What you will do:
Could you output each line below exactly as it appears, excluding any pictures?

Collected material:
>>>

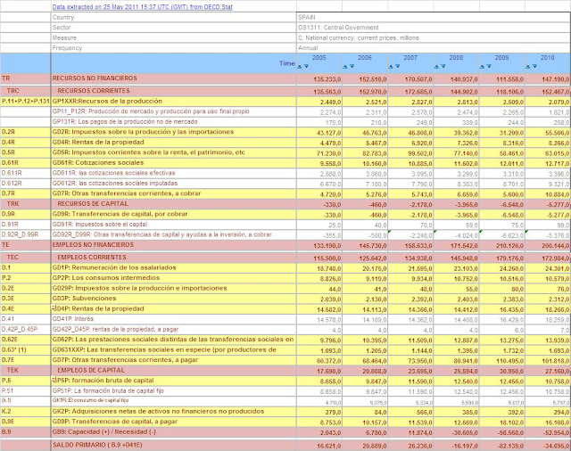 El Saldo Primario nunca fue suficiente en el período analizado para cubrir los gastos financieros de la Deuda (salvo en 2.006) y menos la amortización de la misma, pasando de 137 millones de € en 2.005 a -5.767 millones de € en 2.010.
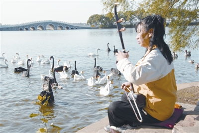 王女士说,自两年前家搬到动物园附近,她开始进入园中天鹅湖边学习拉二胡。刚开始,湖中的鸟类对二胡乐音没有兴趣,但半年以后,只要她背着二胡往湖边一站,马上会有百余只水禽过来“欣赏”。
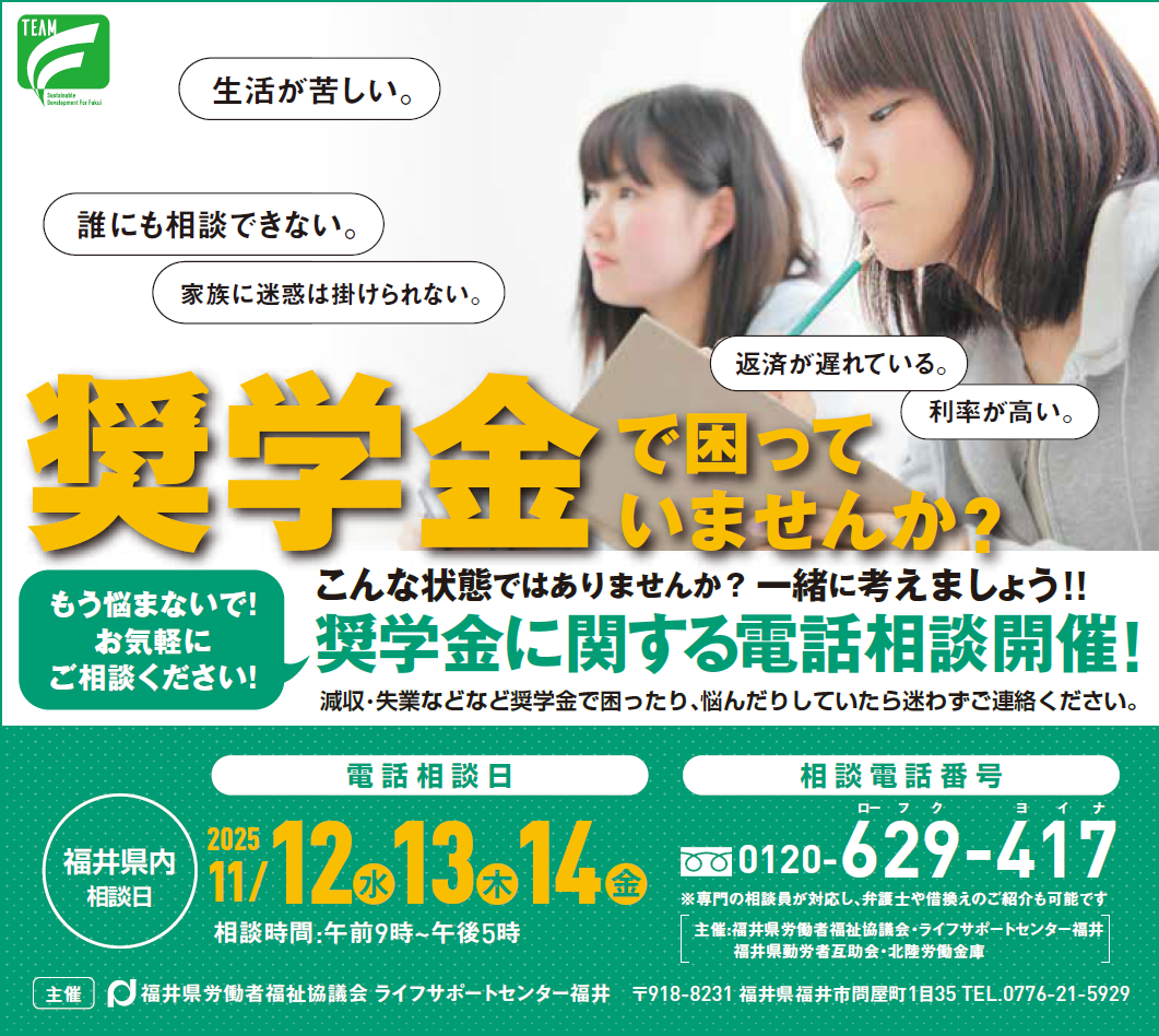 福井県労働者福祉協議会(ライフサポートセンター福井)では、2025年11月12日(水)~14日(金)の3日間「奨学金に関する電話相談」を行います。

<<<

Task solution:
 El Saldo Primario nunca fue suficiente en el período analizado para cubrir los gastos financieros de la Deuda (salvo en 2.006) y menos la amortización de la misma, pasando de 137 millones de € en 2.005 a -5.767 millones de € en 2.010.
 王女士说,自两年前家搬到动物园附近,她开始进入园中天鹅湖边学习拉二胡。刚开始,湖中的鸟类对二胡乐音没有兴趣,但半年以后,只要她背着二胡往湖边一站,马上会有百余只水禽过来“欣赏”。
 福井県労働者福祉協議会(ライフサポートセンター福井)では、2025年11月12日(水)~14日(金)の3日間「奨学金に関する電話相談」を行います。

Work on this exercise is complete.